RIDGEDALE, Mo. – Traffic problems caused a mess last year when garth brooks performed several concerts at thunder ridge nature arena in Taney County.

A sales tax increase at big cedar properties is helping the venue address those issues by widening Highway 86 and making other changes. But now, it’s neighbors who are upset.

“Two days ago, we received a call from a realtor saying he represented Mr. Morris and he wanted to buy our house,” Brenda Chodrick said. She lives about half a mile from Thunder Ridge Nature Arena. “He said Mr. Morris does not like homes around his projects. He said, quite honestly, it’s just for the land that he wants. So the home would be bulldozed.”

Chodrick bought her home off Oakview Drive four years ago and planned for it to be a retirement home. Around May 15, she noticed construction across from her home.

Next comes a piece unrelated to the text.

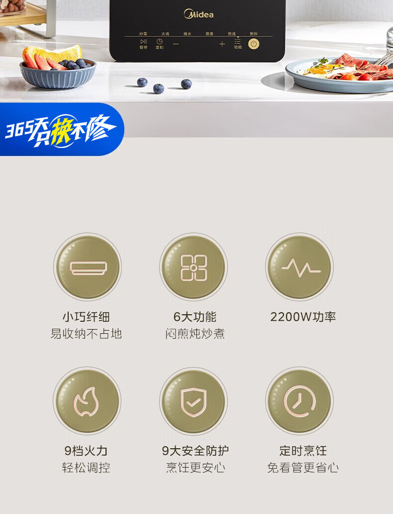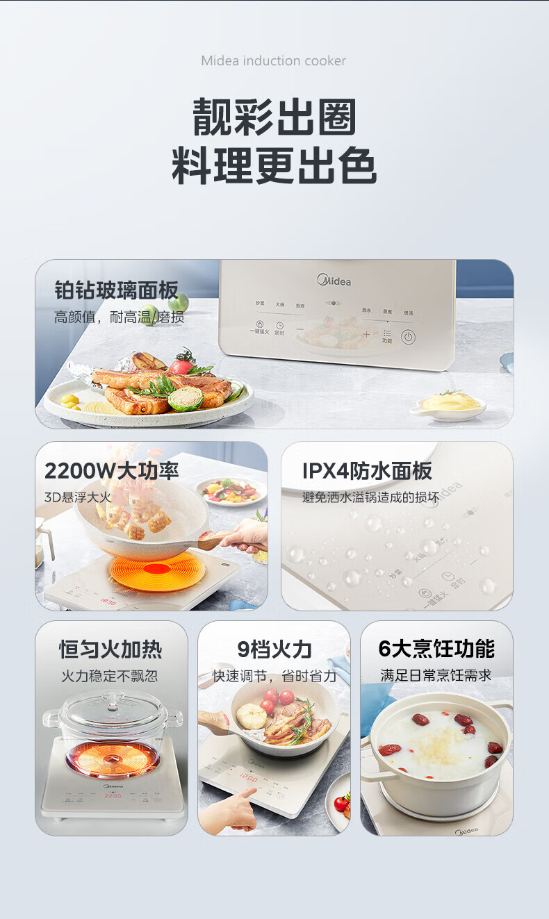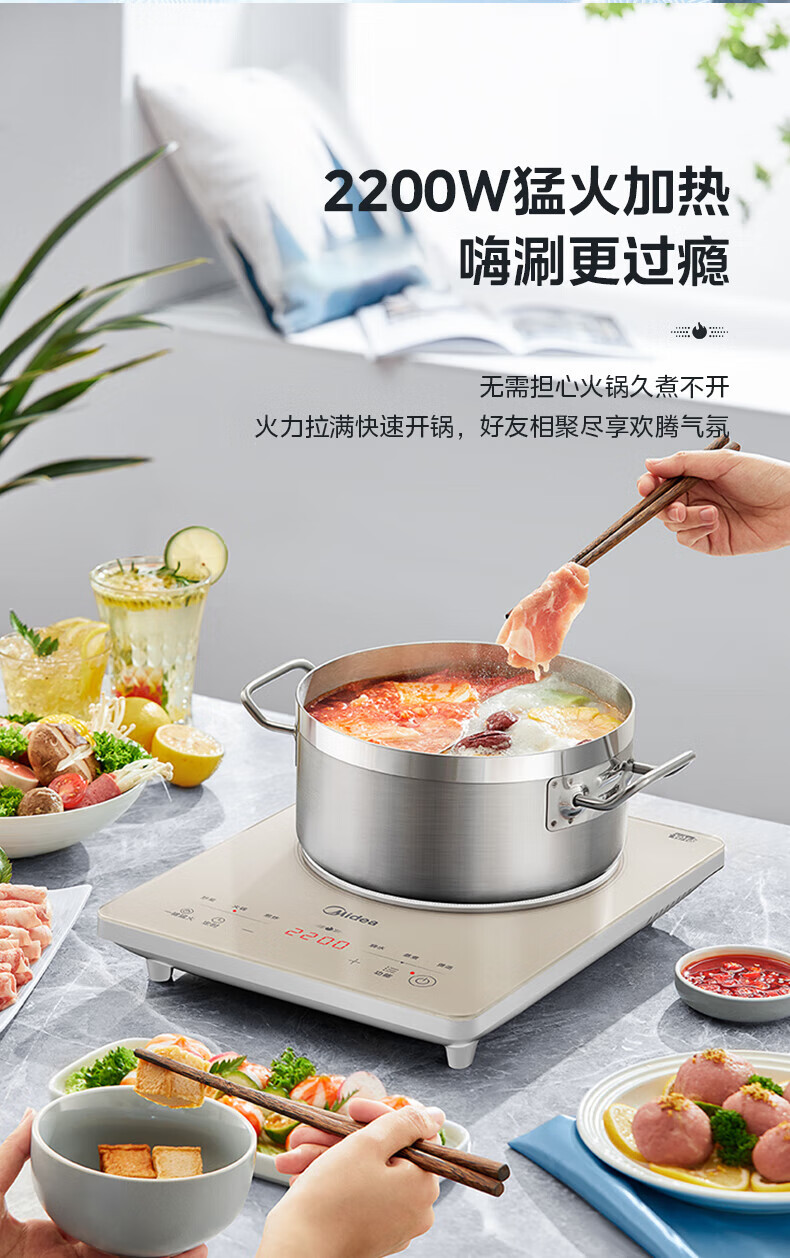 美的(Midea) 电磁炉大功率家用 防水面板2200W大功率 炒菜火锅不粘炒锅一体小型电磁灶 【铂钻面板】E22B23 电磁炉

“The residential lots directly across the street from us were being bulldozed, just decimated,” Chodrick said.

Taney County Planning and Zoning Commission said the plot of land across from Chodrick’s is owned by an entity affiliated with Johnny Morris. Right now, the commission said all they can do is clear the land. If they want to build on it, they would need to get additional permits.

“We’re watching every day for notices of any kind of a zoning change, and we haven’t seen it,” Chodrick said. “The unknown is very fearful for us and [with] the small amount of trees that are left we hope with everything we’ve got that they’re done.”

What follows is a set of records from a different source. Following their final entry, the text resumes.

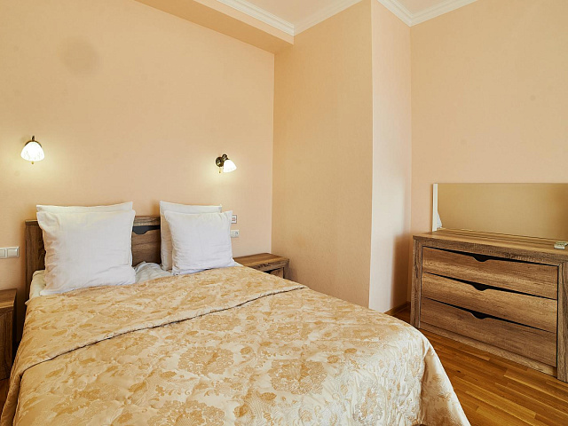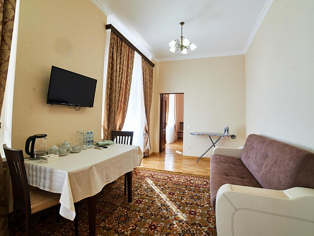 холодильник, телевизор, интернет в номере, ванные принадлежности, двуспальная кровать, шкаф, обеденный стол, диван, ванная комната
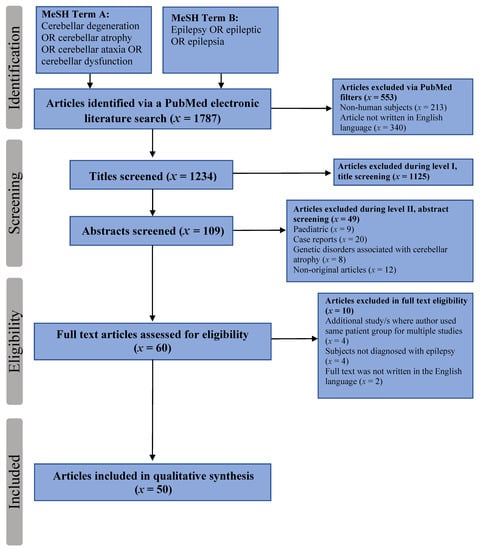 Ibdali, M.; Hadjivassiliou, M.; Grünewald, R.A.; Shanmugarajah, P.D. Cerebellar Degeneration in Epilepsy: A Systematic Review. Int. J. Environ. Res. Public Health 2021, 18, 473. https://doi.org/10.3390/ijerph18020473
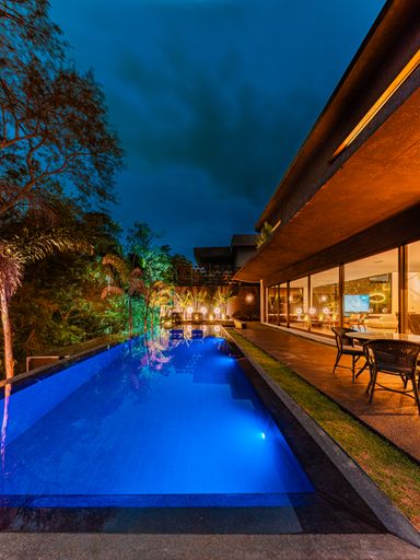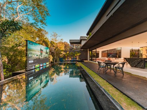 A área externa é um dos grandes destaques desta casa à venda no Vintage Arte de Morar. A piscina revestida, com prainha e vista permanente para a reserva, oferece um cenário perfeito para lazer e descanso. O espaço conta ainda com fire place, criando um ambiente aconchegante para encontros ao ar livre, além de telão de LED, que transforma o espaço em uma verdadeira área de entretenimento.
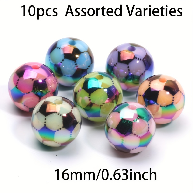 TEMU 16mm 10개 혼합 컬러 축구공 AB 아크릴 패션 팔찌 장식 비즈, 패션 액세서리, DIY 공예, 스타일리시 팔찌, 플레이풀 디자인, 매끄러운 마감, 고품질 비즈, 축구 테마 비즈, 공예 용품, 선물 쇼핑, 패션 애호가
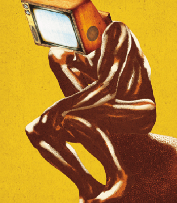 O Pensador na versão de Gonçalo Viana.Creio ser questão de tempo para esse império das telenovelas ruir, a menos que se recicle. Com poucas exceções, as tramas têm batido sempre nas mesmas teclas: filhas ou filhos que, adultos, descobrem seus verdadeiros pais; disputa entre irmãos pelo controle da empresa da família; prisões injustas (toda telenovela brasileira não resiste a meter algum personagem na cadeia, geralmente o protagonista); riqueza perdida e depois recuperada; relacionamentos clandestinos; a descoberta de uma doença grave que provoca reviravolta na vida de personagens.
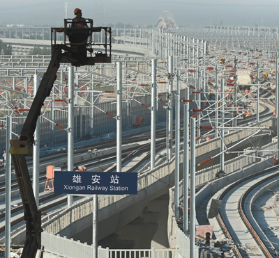 2020年8月17日,我国智能高铁的“新标杆”——京雄城际铁路全线轨道贯通,雄安高铁站、容东片区安置房及配套设施项目等工程建设如火如荼。9月10日上午,京雄城际大兴机场至雄安段接触网送电成功,标志着京雄城际全线接触网贯通,即将进入联调联试阶段。可喜的变化时刻都在这片热土上发生。当前,来自四面八方的建设者、创业者和当地干部群众一起,为将新区打造成高质量发展的“样板之城”而拼搏奋斗。数以万计的建设者正披星戴月,日夜奋战在雄安新区建设现场,责任扛在肩,使命勇担当,他们用工匠精神,践行着“世界眼光、国际标准、中国特色、高点定位”的建设标准,一丝不苟为雄安建设添砖加瓦。
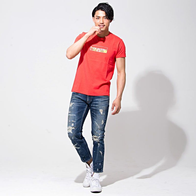 TMTでは初となる9分丈の細身テーパードシルエットでポケット口のレインボーカラーハンドステッチが特徴。
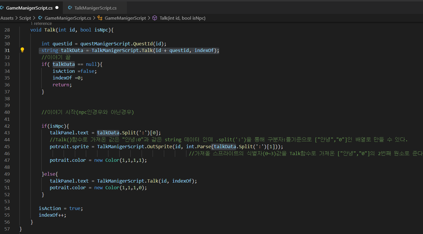 *50번째 줄의 TalkManigerScript.Talk(id, indexOf)부분도 talkData로 바꿔주고 talkManigerScript에 10번퀘스트의 물체 관련 대화도 만들어 줘야함 그래야 questid가 10일때 일반물체와 대화할때 오류가 안남
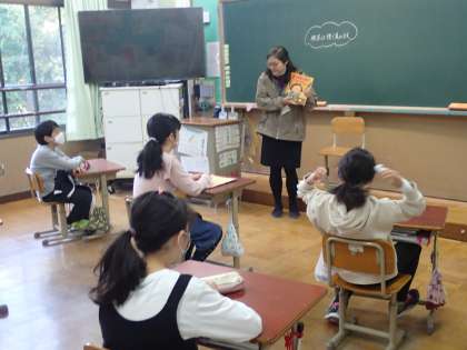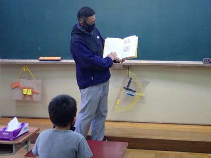 担任以外の教職員の読み聞かせに興味深々で聞く姿が見られました。

One confirmed project is the expansion of Highway 86, the road leading concertgoers to Thunder Ridge Nature Arena.

“We’ve seen a lot of trees cut down along this side of the road and more that appear to still be marked for cutting to make that a four-lane [road],” Chodrick said.

The highway is only two lanes, causing stand-still traffic for hours leaving people unable to attend the concert which made the need for a bigger highway more pressing.

“There’s a lot of parking lots down 86 with this new amphitheater,” Keith Tucker said. He also lives on Oakview Drive. “Nobody’s telling us anything about really what that is.”

Tucker and Chodrick said they both want answers as to what changes are happening in their neighborhood.

“I spent 15 years fixing this house up and just retired down here,” Tucker said. “[There’s] a lot of nature around here and it’s just peaceful. I just want to know what’s going on.”